-- Data for this exercise follows --
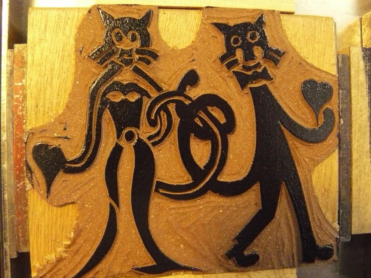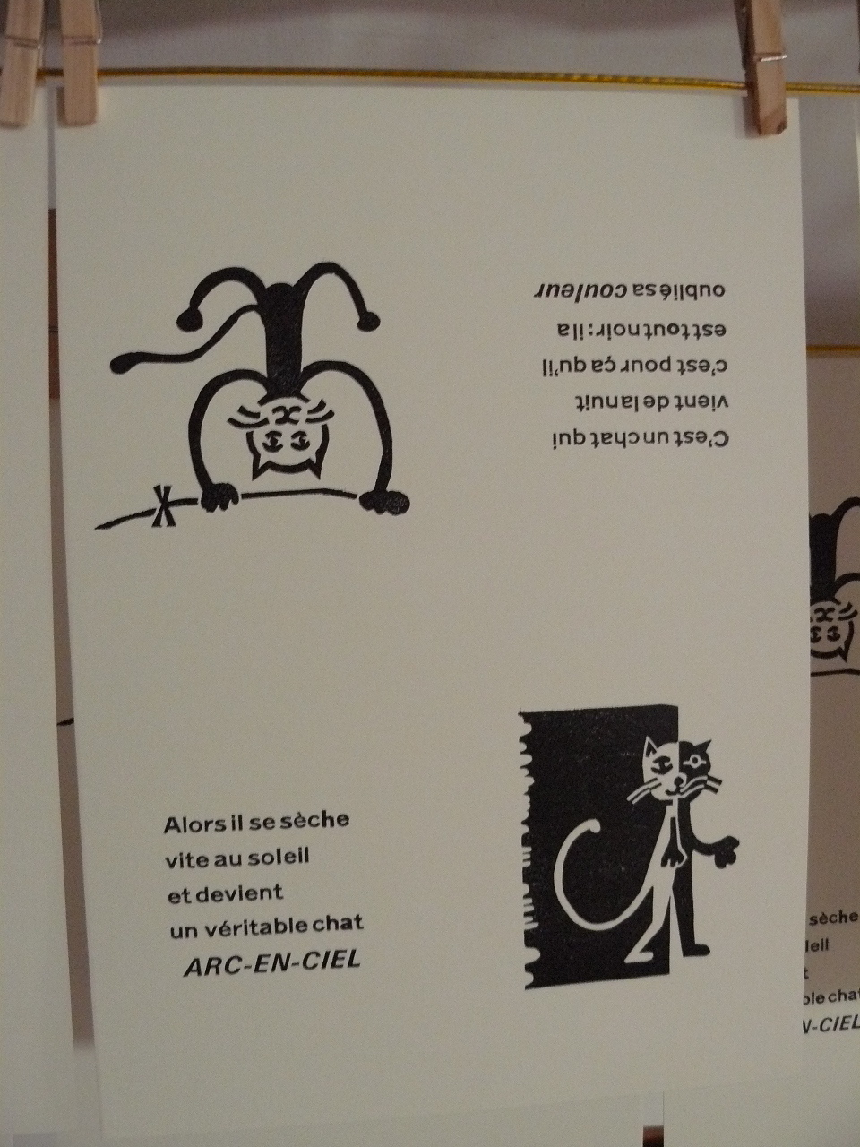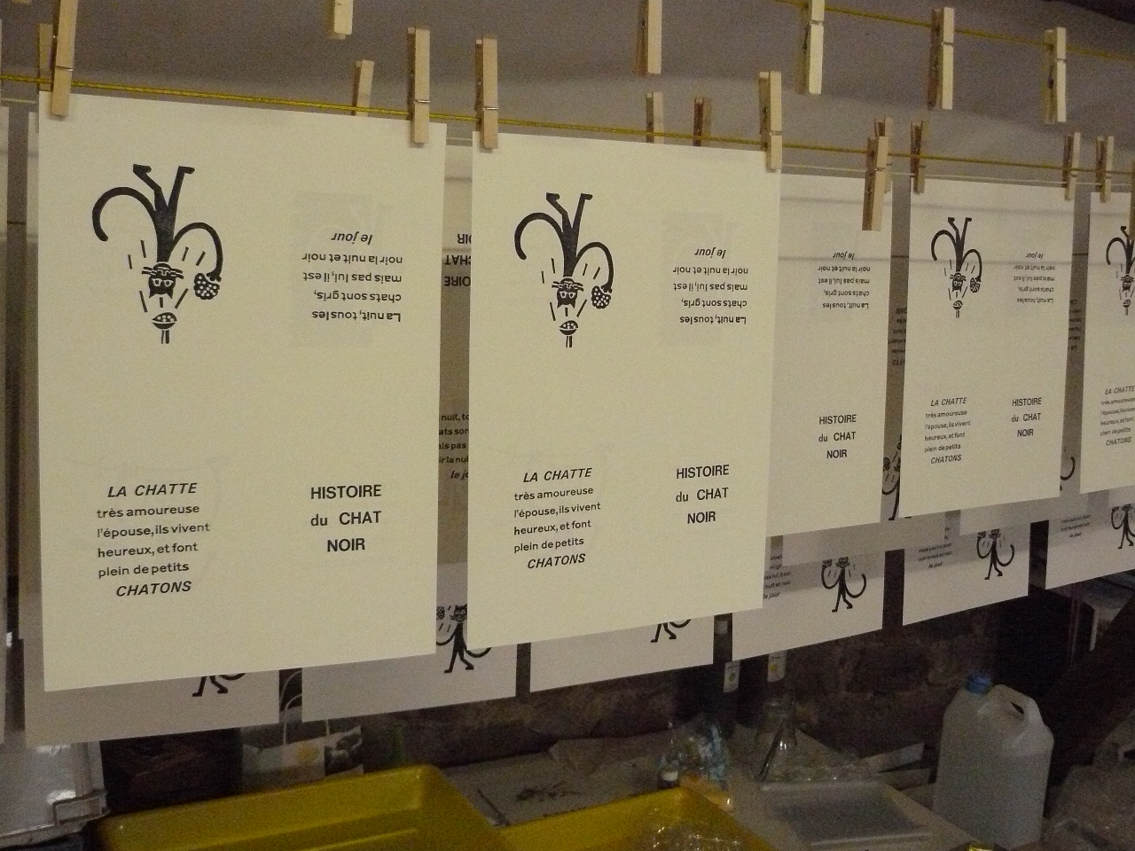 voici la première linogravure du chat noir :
-- Data for this exercise concluded --
-- Data for this exercise follows --
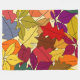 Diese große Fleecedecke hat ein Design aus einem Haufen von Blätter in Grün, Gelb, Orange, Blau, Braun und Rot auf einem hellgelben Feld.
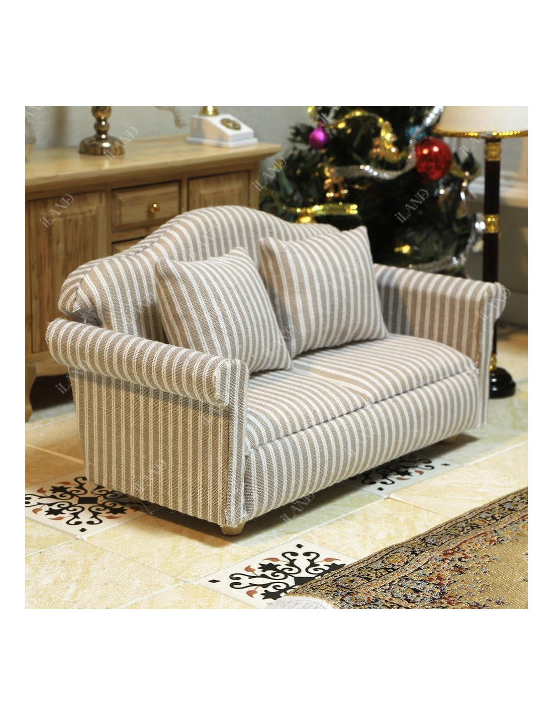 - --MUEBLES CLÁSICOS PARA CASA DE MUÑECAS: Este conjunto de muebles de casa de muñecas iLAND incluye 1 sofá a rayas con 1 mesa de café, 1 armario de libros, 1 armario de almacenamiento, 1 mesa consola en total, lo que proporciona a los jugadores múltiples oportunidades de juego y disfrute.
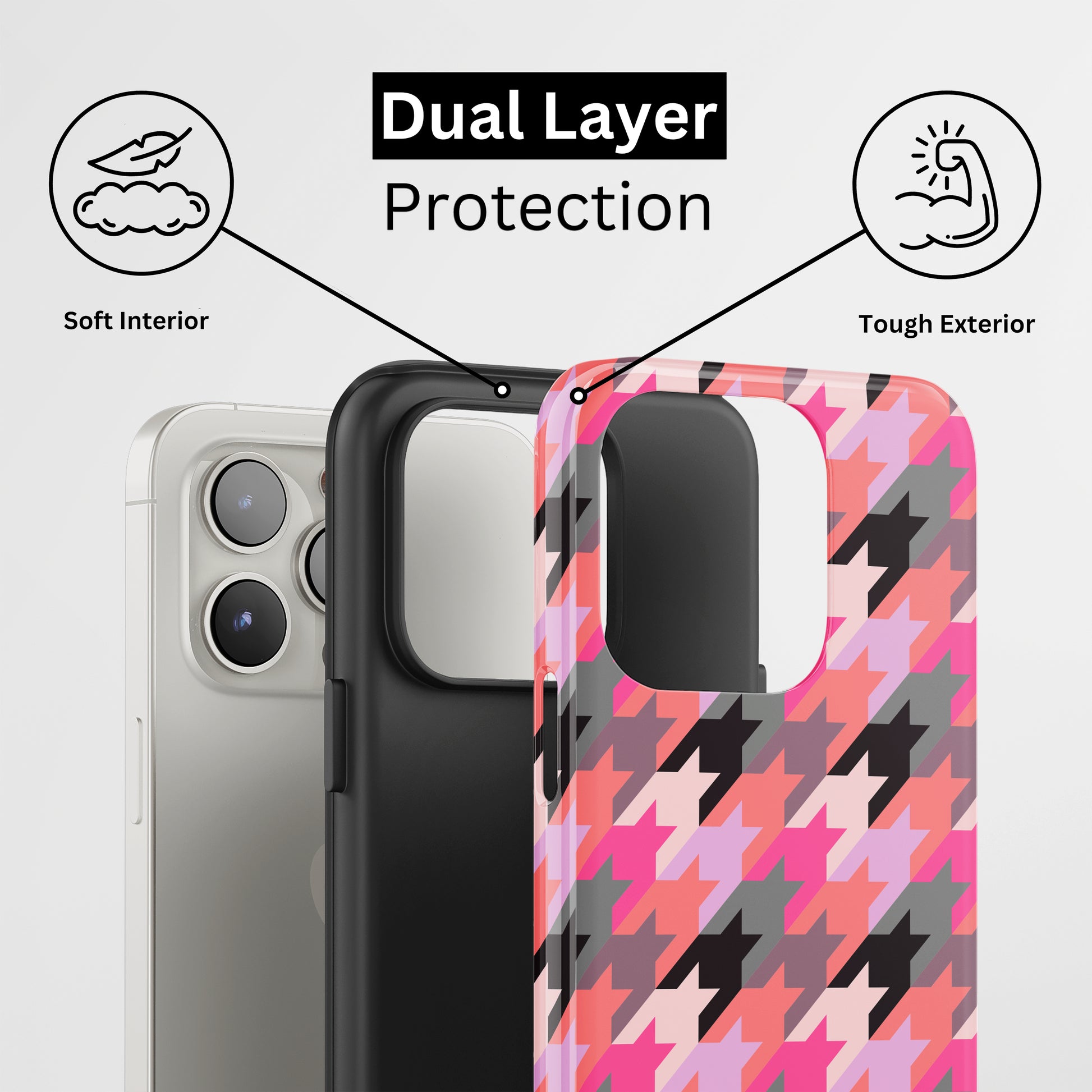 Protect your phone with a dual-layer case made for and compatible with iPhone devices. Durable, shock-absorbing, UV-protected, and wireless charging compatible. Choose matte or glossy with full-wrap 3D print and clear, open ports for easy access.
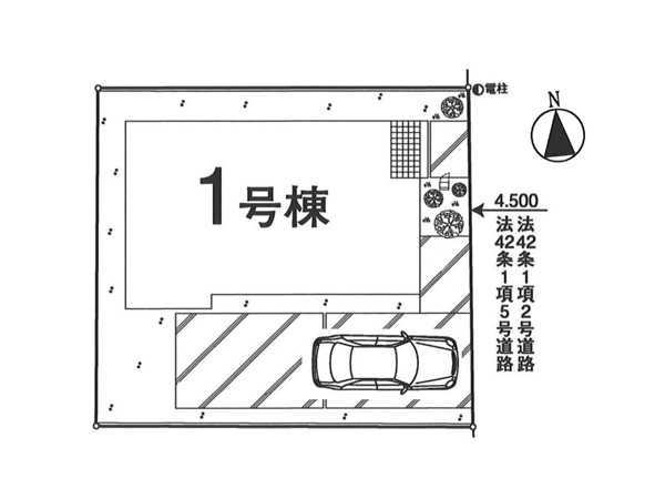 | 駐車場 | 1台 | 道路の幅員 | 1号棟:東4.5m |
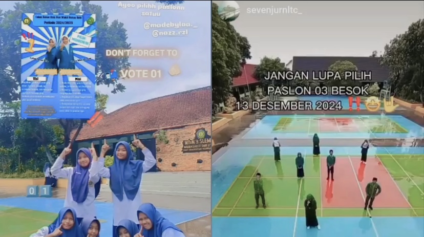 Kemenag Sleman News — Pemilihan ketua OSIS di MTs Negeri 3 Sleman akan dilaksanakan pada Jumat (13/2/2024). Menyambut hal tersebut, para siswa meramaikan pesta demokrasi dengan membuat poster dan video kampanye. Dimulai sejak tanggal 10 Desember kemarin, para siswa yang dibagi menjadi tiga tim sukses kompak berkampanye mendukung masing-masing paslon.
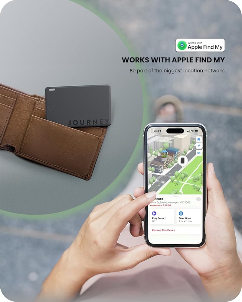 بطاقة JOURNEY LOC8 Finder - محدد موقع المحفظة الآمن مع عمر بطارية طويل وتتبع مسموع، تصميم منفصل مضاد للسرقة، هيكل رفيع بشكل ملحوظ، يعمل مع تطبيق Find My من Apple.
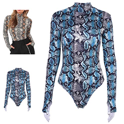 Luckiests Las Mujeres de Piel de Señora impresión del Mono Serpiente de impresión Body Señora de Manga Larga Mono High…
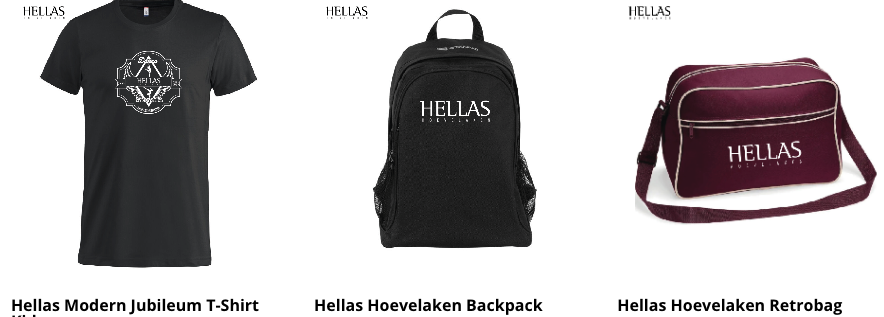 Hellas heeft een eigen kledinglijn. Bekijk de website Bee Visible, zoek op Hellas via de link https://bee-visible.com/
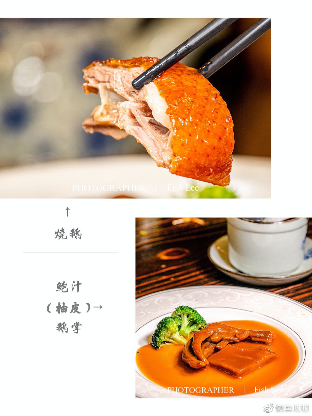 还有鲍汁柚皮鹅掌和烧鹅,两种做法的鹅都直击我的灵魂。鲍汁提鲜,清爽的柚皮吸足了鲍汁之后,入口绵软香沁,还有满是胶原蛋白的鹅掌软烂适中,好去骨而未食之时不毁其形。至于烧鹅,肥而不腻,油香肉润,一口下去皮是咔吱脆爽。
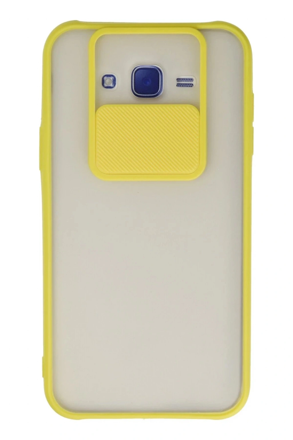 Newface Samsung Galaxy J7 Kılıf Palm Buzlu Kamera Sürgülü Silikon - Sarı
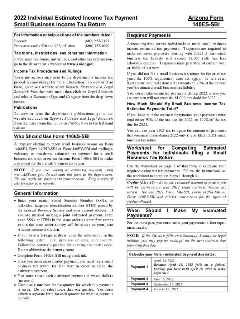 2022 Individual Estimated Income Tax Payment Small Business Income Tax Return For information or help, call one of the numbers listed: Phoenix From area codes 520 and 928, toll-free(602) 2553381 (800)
-- Data for this exercise concluded --
- **Task to complete**:
Would you give again, exactly, the lines in the data above that run from the line containing "还有鲍汁柚皮鹅掌和烧鹅,两种" to the line containing "2022 Individual Estimated"? Include both ends and no pictures.

- **Task solution**:
 还有鲍汁柚皮鹅掌和烧鹅,两种做法的鹅都直击我的灵魂。鲍汁提鲜,清爽的柚皮吸足了鲍汁之后,入口绵软香沁,还有满是胶原蛋白的鹅掌软烂适中,好去骨而未食之时不毁其形。至于烧鹅,肥而不腻,油香肉润,一口下去皮是咔吱脆爽。
 Newface Samsung Galaxy J7 Kılıf Palm Buzlu Kamera Sürgülü Silikon - Sarı
 2022 Individual Estimated Income Tax Payment Small Business Income Tax Return For information or help, call one of the numbers listed: Phoenix From area codes 520 and 928, toll-free(602) 2553381 (800)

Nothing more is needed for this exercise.